*** Material provided ***

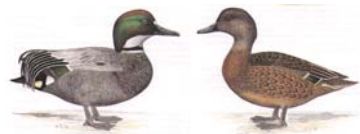
Sichelente Eunetta falcata
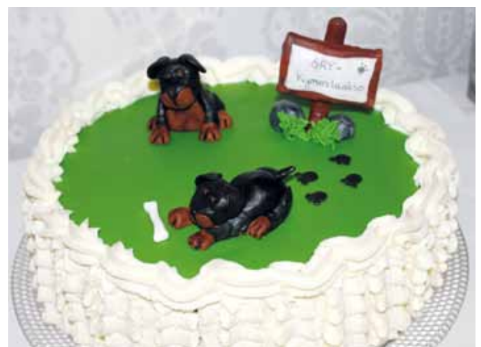
Rottweiler aiheinen synttärkakku.
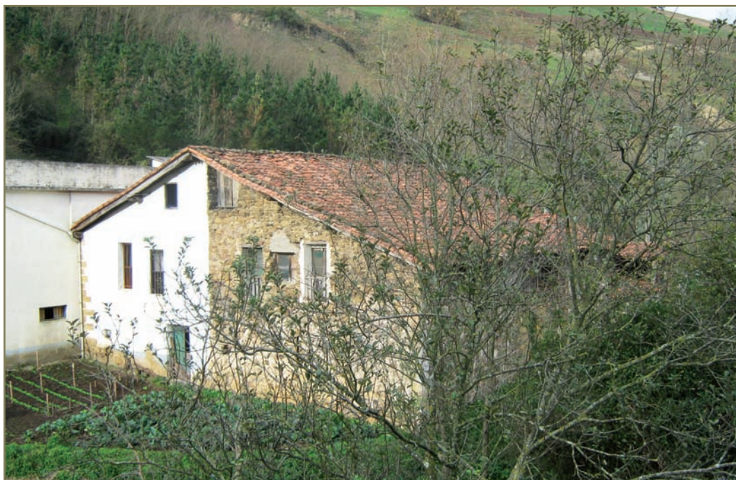
5.17. irudia. Aiako Segurola baserria.
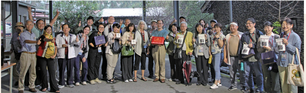
論壇結束後，部落人帶台日學者們參訪部落文建站，大家在文建站前面拿著部落自產自銷的咖啡豆合影。照片右邊為石板屋。

丹菊逸治教授、中澤陽子博士生，以火藥為主軸，討論在其原料產地大陸邊緣海岸地區、島嶼區域生活的原住民族——庫頁島尼夫赫族、北海道愛努族、台灣布農族的語言當中，與火藥相關的詞彙，從而推斷歐亞大陸內陸諸多國家具有歷史性的關聯，原住民族區域與歐亞大陸國家在歷史上也可見頻繁交流。

***

## What is being asked
Leave out every line ahead of the one containing "論壇結束後，部落人帶台日學者" and print the rest of the listing exactly.

## Solution for this problem
論壇結束後，部落人帶台日學者們參訪部落文建站，大家在文建站前面拿著部落自產自銷的咖啡豆合影。照片右邊為石板屋。

丹菊逸治教授、中澤陽子博士生，以火藥為主軸，討論在其原料產地大陸邊緣海岸地區、島嶼區域生活的原住民族——庫頁島尼夫赫族、北海道愛努族、台灣布農族的語言當中，與火藥相關的詞彙，從而推斷歐亞大陸內陸諸多國家具有歷史性的關聯，原住民族區域與歐亞大陸國家在歷史上也可見頻繁交流。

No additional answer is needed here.